On blogging as public book writing…
Just saw (via Joi Ito) that Chris Anderson is expanding his Wired Magazine article on “The Long Tail“ into a book-length project. He’s set up a Typepad blog and writes of his topic: “It’s a rich seam. This is the place where I’m going to collect everything I can about it.” Looking through his entries thus far, it seems like he’s already doing more than that, using the blog not just as a container to hold found material, but as a public space in which to wrestle with ideas and engage in a dialogue with readers before writing the book. I’ve come across a few other examples of this sort of thing (most notably The Red Couch, where Shel Israel and Robert Scoble are pitching, researching and writing a book in as visible a way as possible), and it raises a few questions about The Way Books Are Written.
The book writing process is traditionally a long, messy, and solitary one, and writers are often loath to let anyone take a peek at how their particular sausages are made. Moreover, there’s a certain fearful ethic of privacy that many hold dear – if I spread my ideas everywhere, why would somebody want to buy the finished book? Worse, what if somebody steals my ideas?
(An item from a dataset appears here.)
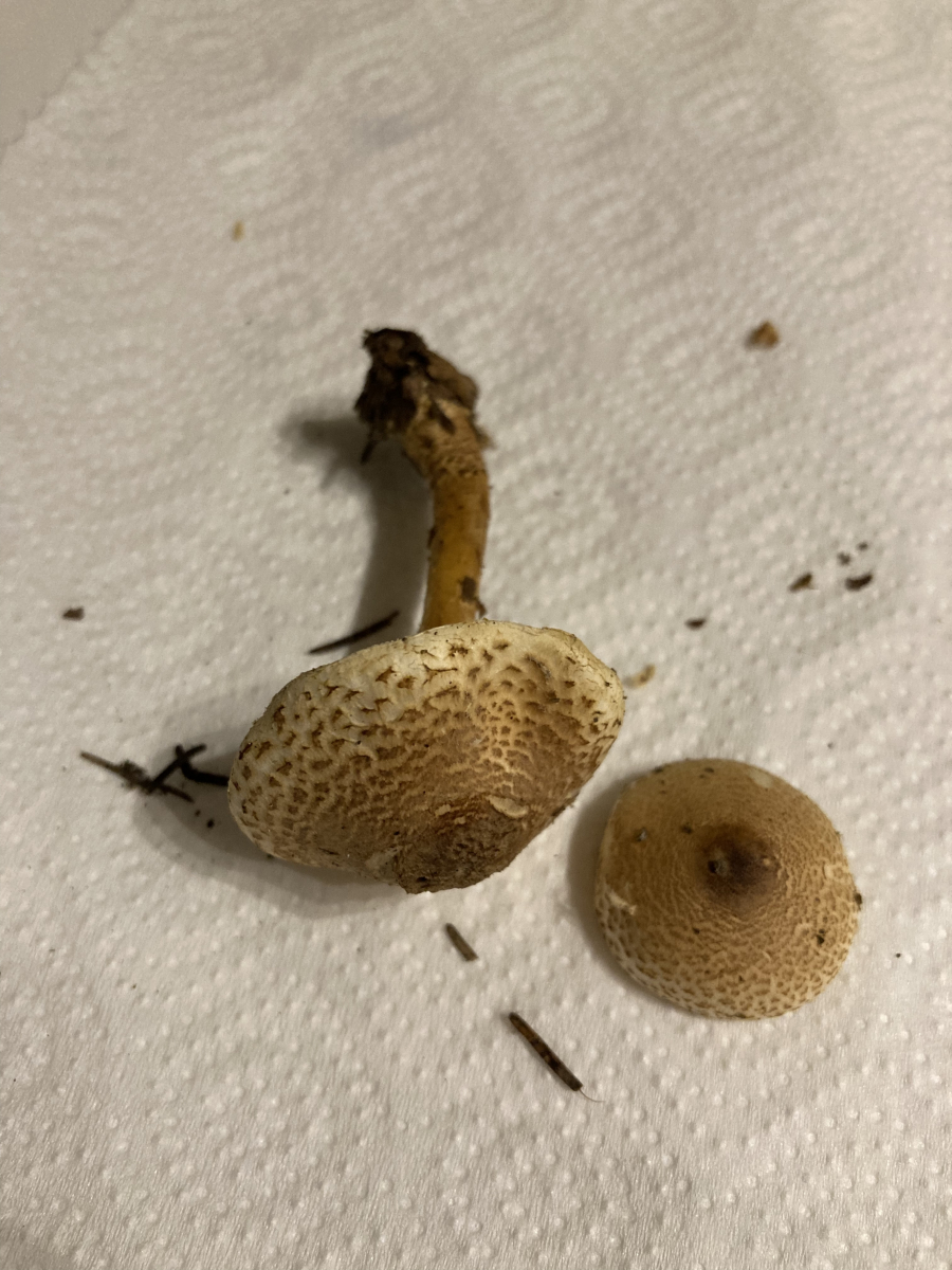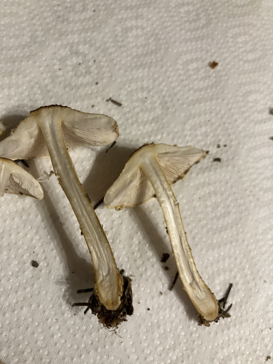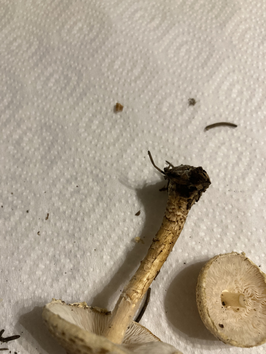 Aber noch ein ganz anderes Problem: diese bei Kunstlicht gemachten Aufnahmen verfälschen die vorhandenen Farben des Pilzes. Z. B. kann man hier nicht einschätzen, ob der Pilz im Wesentlichen gelb, orange, braun oder vielleicht rosa ist. Wenn man nicht einmal das weiß, kommt man nicht weiter, als dass es wohl ein Schirmling ist. Mache bei Bestimmungsanfragen also künftig Aufnahmen bei Tageslicht, das wird das Auskunftsergebnis enorm verbessern.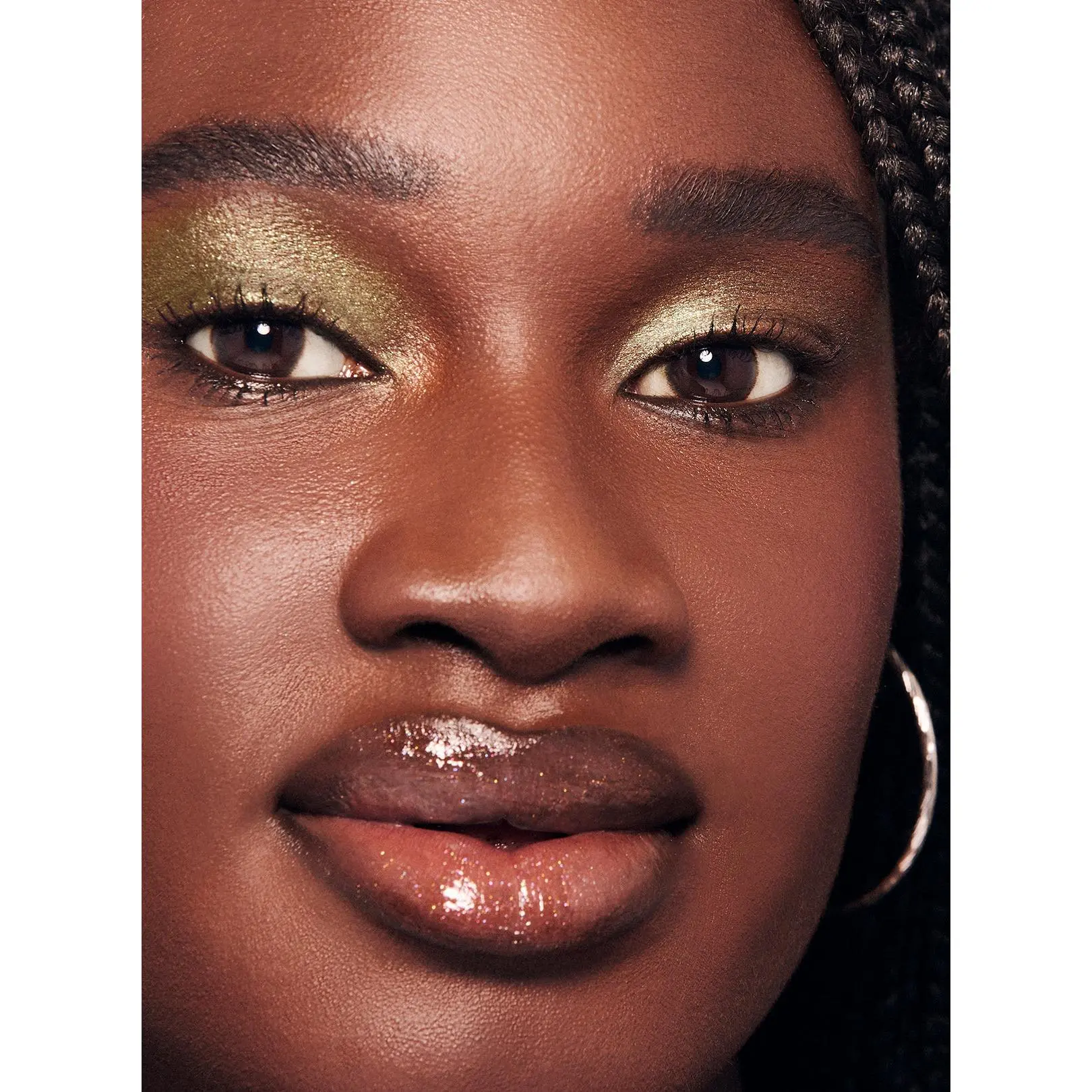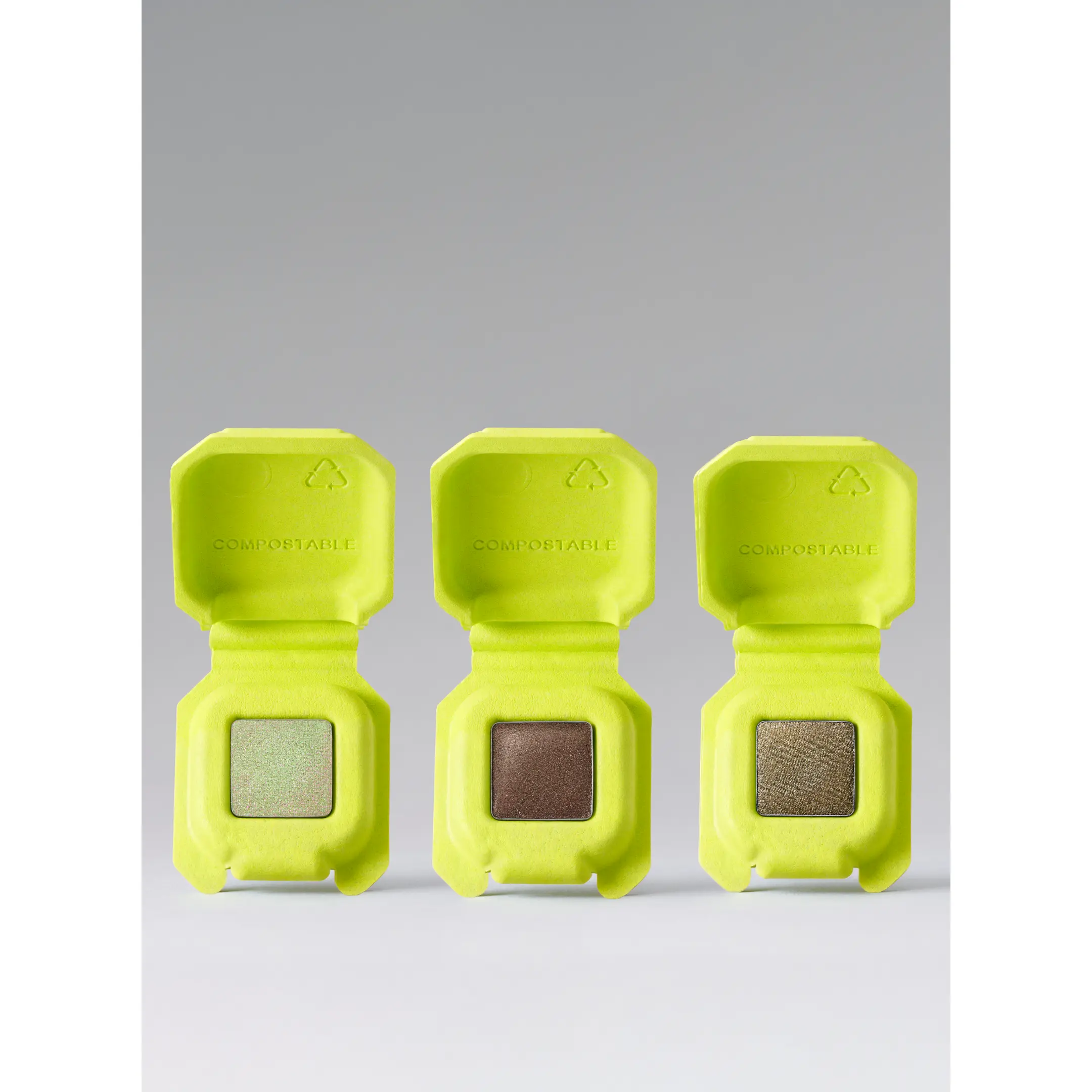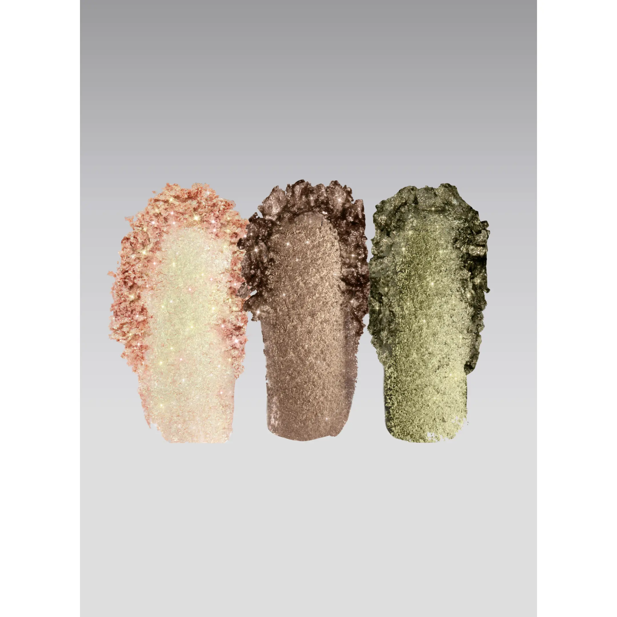 Our glossy metallic eyeshadows are buttery, foiled, one-swipe color magic. We’ve paired best seller WET PEBBLE, a deep taupe, LIL DERANGED, a striking moss green, with ELVIN THINGS, a crystal shimmer with mint and peach reflects.

I’m reminded of a conversation I had a year and a half ago at the 4S conference in Atlanta, in which I argued for the usefulness of a blog as a primary form of discourse, not simply a support for traditional scholarly forms like journal articles or manuscripts. The response was that those traditional forms are the currency of the scholarly world; quite literally, they buy you tangible things like jobs and funding, and if you don’t throw all your effort into creating those articles and manuscripts others will use your ideas to do so, usurping your reward. My counter-argument was that people can only take credit for your ideas if you haven’t laid claim to them first, and that blogs offer a much quicker and efficient way to “own” an idea than the slow, cumbersome publishing process. Moreover, you shift the focus from ideas as commodified entities in and of themselves to yourself as a thinker and writer who creates such ideas (in essence, a shift from a focus on goods to one on services), which resonates with some other ideas I’ve had.
This, in essence, is what I see Chris Anderson doing. His new “The Long Tail” blog isn’t merely ancillary to his eventual book; rather, it’s a distinct and separate first step in a project that is greater than any one book, his project to build and “own” an idea, with potential rewards that far surpass mere book sales.